(Task details)
In the material below, print every line exactly and omit the pictures.

(Provided data)

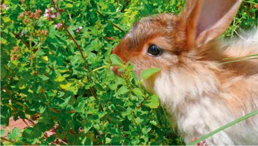
Dost (wilder Oregano)

Ein unterschätztes Pflänzchen ist das Ruprechtskraut oder Stinkender Storchenschnabel ( Geranium robertianum ), das bereits von den Kelten als Heilpflanze verwendet wurde. Seine schön gefiederten Blätter und die Blüte machen es eigentlich unverwechselbar. Dazu kommen die Früchte, deren Form zum Namen Storchenschnabel ver-
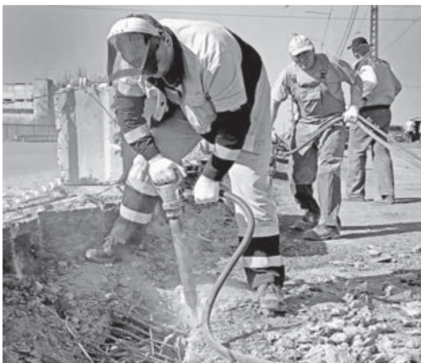
На северной стороне путепровода.
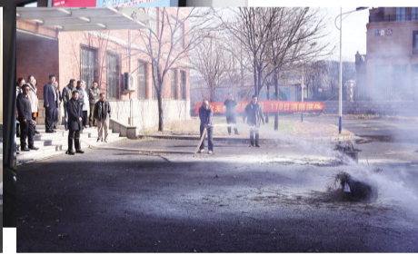
2017年11月9日,学校举行“119消防灭火演练活动”,全体教工现场学习和操作灭火器和消防水枪举行灭火演练。
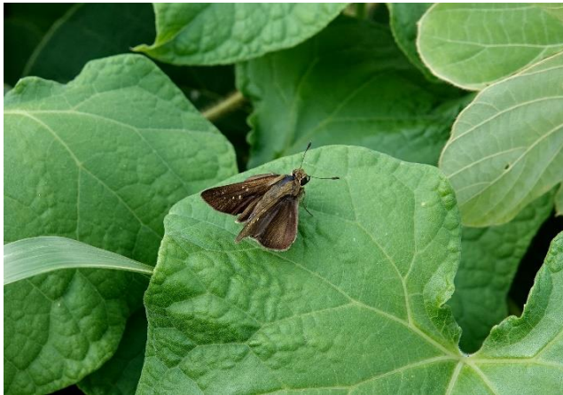
多摩川土手 中野島 8月末
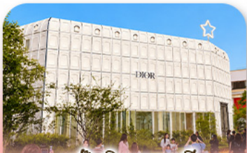
บรู๊กลินเกาหลี่
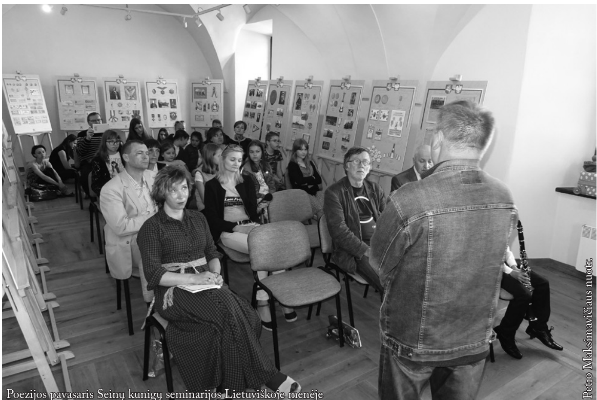
Poezijos pavasaris Seinų kunigų seminarijos Lietuviškoje menėje

Ugnį paeiliui sriubčiojant putojančios kibirkštys Lankšiom adatom aitriai sminga Ir tirpsta po oda virpantis plienas. Ausys virsta geležinkelio stotimis Guluos ant kilimo, sitaip siūbuoja Ir dunda, kvepia anglim ir švilpukais Tada, kai traukiniai švelniai trinasi šonais Apsitraukiu žole, kaip kailiu. Vystantys akių vokai lipnūs žiedlapiai. Akmuo, iš po traukinio spriegtas Čekstelėdamas dryksteli mano kailį Kruvinom signalinėm vėliavėlėm Aguonom laukinėm pasrūva Iki ryto laižaus, kol užmiegu.
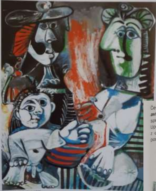
Pablo Picasso: Sebi, 1970

Če ustvarjalec upodobi sebe, izdela avtoportret . Lahko se upodobi od spredaj (en face) ali od strani (profil). Upodobi lahko samo glavo, glavo z oprsem, postavo do kolen, celo postavo.
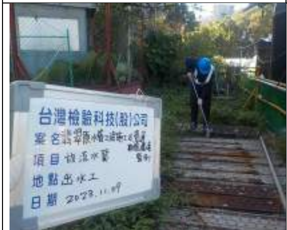
工區放流水(出水工)
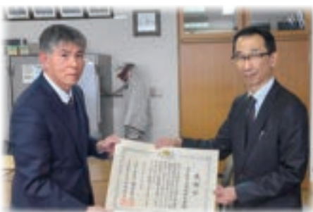
人権作文参加に対する感謝状贈呈

(Task response)
Dost (wilder Oregano)

Ein unterschätztes Pflänzchen ist das Ruprechtskraut oder Stinkender Storchenschnabel ( Geranium robertianum ), das bereits von den Kelten als Heilpflanze verwendet wurde. Seine schön gefiederten Blätter und die Blüte machen es eigentlich unverwechselbar. Dazu kommen die Früchte, deren Form zum Namen Storchenschnabel ver-
На северной стороне путепровода.
2017年11月9日,学校举行“119消防灭火演练活动”,全体教工现场学习和操作灭火器和消防水枪举行灭火演练。
多摩川土手 中野島 8月末
บรู๊กลินเกาหลี่
Poezijos pavasaris Seinų kunigų seminarijos Lietuviškoje menėje

Ugnį paeiliui sriubčiojant putojančios kibirkštys Lankšiom adatom aitriai sminga Ir tirpsta po oda virpantis plienas. Ausys virsta geležinkelio stotimis Guluos ant kilimo, sitaip siūbuoja Ir dunda, kvepia anglim ir švilpukais Tada, kai traukiniai švelniai trinasi šonais Apsitraukiu žole, kaip kailiu. Vystantys akių vokai lipnūs žiedlapiai. Akmuo, iš po traukinio spriegtas Čekstelėdamas dryksteli mano kailį Kruvinom signalinėm vėliavėlėm Aguonom laukinėm pasrūva Iki ryto laižaus, kol užmiegu.
Pablo Picasso: Sebi, 1970

Če ustvarjalec upodobi sebe, izdela avtoportret . Lahko se upodobi od spredaj (en face) ali od strani (profil). Upodobi lahko samo glavo, glavo z oprsem, postavo do kolen, celo postavo.
工區放流水(出水工)
人権作文参加に対する感謝状贈呈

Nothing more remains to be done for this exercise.